Type 1 Diabetes Drug That Delays Onset Finally Got The FDA Stamp Of Approval


Those who suffer from Type 1 diabetes and who are scared to pass it off to their children can now breathe a sigh of relief. Tzield may be the solution as it has shown to slow the immune system’s attack on insulin-producing cells that are found in the pancreas. This injectable medicine is the first that belongs to a new family of medicines. This has found to halt the progression of type 1 diabetes, at least for a few years.

The U.S. Food and Drug Administration (FDA) has approved, for the first time ever, a drug that was designed to stall and delay the development of type 1 diabetes for those who suffer or who may suffer from it.

The intravenous drug is called teplizumab-mzwv (Tzield). This is perfect for both adults and children 8 years and older, particularly those who are at an extreme risk of developing type 1 diabetes but have not yet been diagnosed. This is also for those who fear that they may become dependent on insulin shots.

Tzield belongs to a new family of medicines. As mentioned, its main goal is to stall the immune system’s attack on insulin-producing cells, which is the underlying cause of the disease.

“Today’s approval of a first-in-class therapy adds an important new treatment option for certain at-risk patients,” said John Sharretts, MD. He is the director of the Division of Diabetes, Lipid Disorders, and Obesity in the FDA’s Center for Drug Evaluation and Research. He also release a statement regarding this. “The drug’s potential to delay clinical diagnosis of type 1 diabetes may provide patients with months to years without the burdens of disease.”

When it comes to type 1 diabetes, the pancreas stop making the sufficient amount of insulin, which is a hormone that helps the body convert sugars from food into energy. Without this, the sugars accumulate in the bloodstream. When left untreated, this leads to serious complications such as heart disease, kidney failure, amputations, and blindness. Those who have been diagnosed with this will be dependent on lifelong treatments with insulin shots or will need to use an insulin pump.

According to the American Diabetes Association, those who develop type 1 diabetes inherit the risk factors from both parents. People with a parent or a sibling with it can request for blood tests to see if they are prone to it as well. Once these attacks happen, they almost always get type 1 diabetes, which is the kind that needs insulin shots. Of course, the progression differs from one person to the next.

Tzield has the ability to slow down the progression for those who have the stage 2 disease. According to Emory University, stage 2 hasn’t fully blown yet and they do not require treatment at the moment, but those on the stage may see damaged insulin-producing cells in the pancreas and abnormal levels of blood sugar.

The FDA gave their approval to Tzield because of the clinical trial that involved 76 patients who suffered from the stage 2 disease. Here, scientists had randomly the patients with daily infusions of either Tzield or a placebo for two weeks.

The researchers then performed a median follow-up period of 51 months. This was when they saw that only 45 percent of the patients in the Tzield group developed type 1 diabetes. They placed the data side by side with the 72 percent with the placebo.

The average progression time for type 1 diabetes was also twice as long with the help of Tzield. They found that the disease happened 50 months after as opposed to the 25 months that happened in the placebo group.

As for children who were at a high risk, stalling this disease by several years can be important especially when you need to provide them with time for maturity so that they will know how to navigate their life as they live with this disease.

“A delay in the onset of type 1 diabetes will have a tremendous impact on the daily lives of people at risk for diabetes, their families, and the overall health system,” shared Aaron Kowalski, PhD. He is the chief executive officer of the Juvenile Diabetes Research Foundation. He released a statement after the FDA approved the drug.

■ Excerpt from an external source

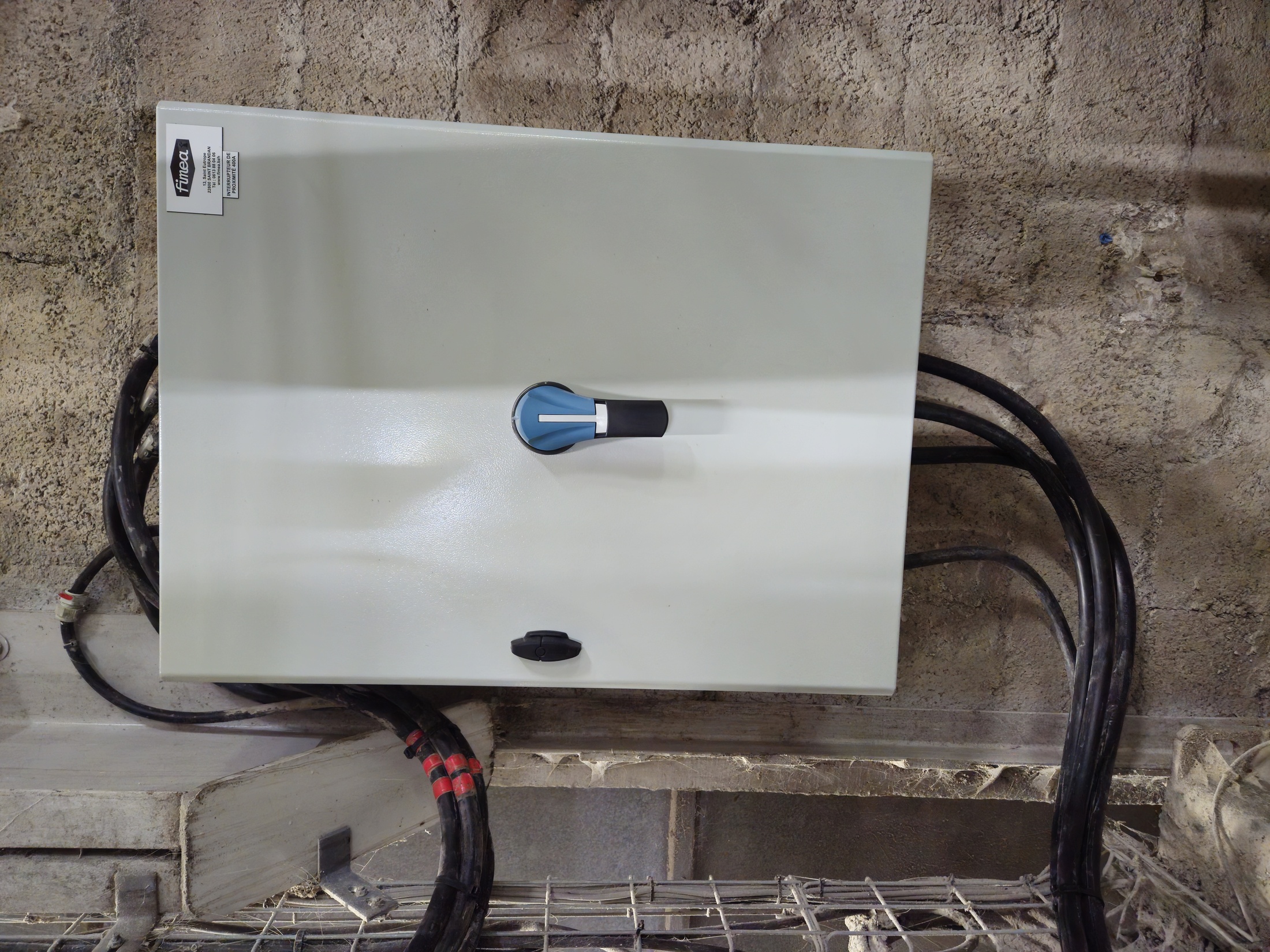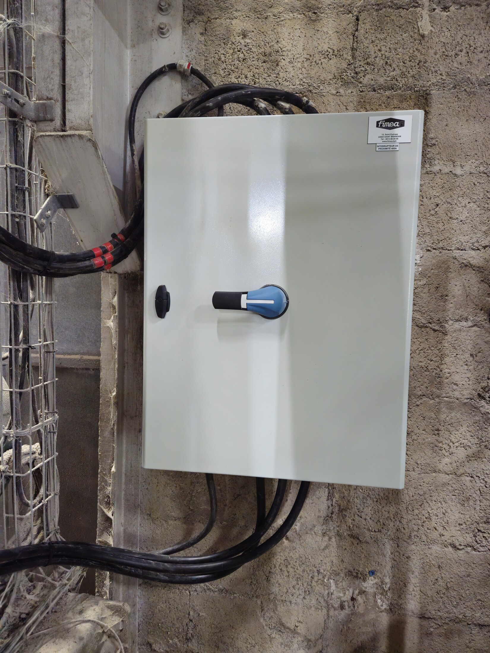 Un coffret a été équipé et raccordé sur une ligne de puissance pour intégrer un interrupteur de sécurité 400 A. Cette opération permet une isolation mécanique rapide de l’alimentation moteur.

“It would free them from the constant burden and stress of blood-sugar monitoring and insulin administration,” Dr. Kowalski said. “It would free them from the worry and fear of short- and long-term complications, while giving them the opportunity to learn more about disease management.”

As for the side effects of Tzield, the most common ones reported by FDA were decreased white blood cell levels, rashes, and headaches. There are those that had the rare, more serious ones such as infections, interference with usual vaccinations, and what’s often referred to as cytokine release syndrome. The latter refers to when the immune system goes into overdrive and results to fever, body aches, and sometimes, organ failure.

The approval was delayed by the FDA in July 2021 when regulators required further information about the body’s response to it. Then, it was moved again in June 2022 because the FDA needed to extend the review period for it, as its developer Provention Bio shared then.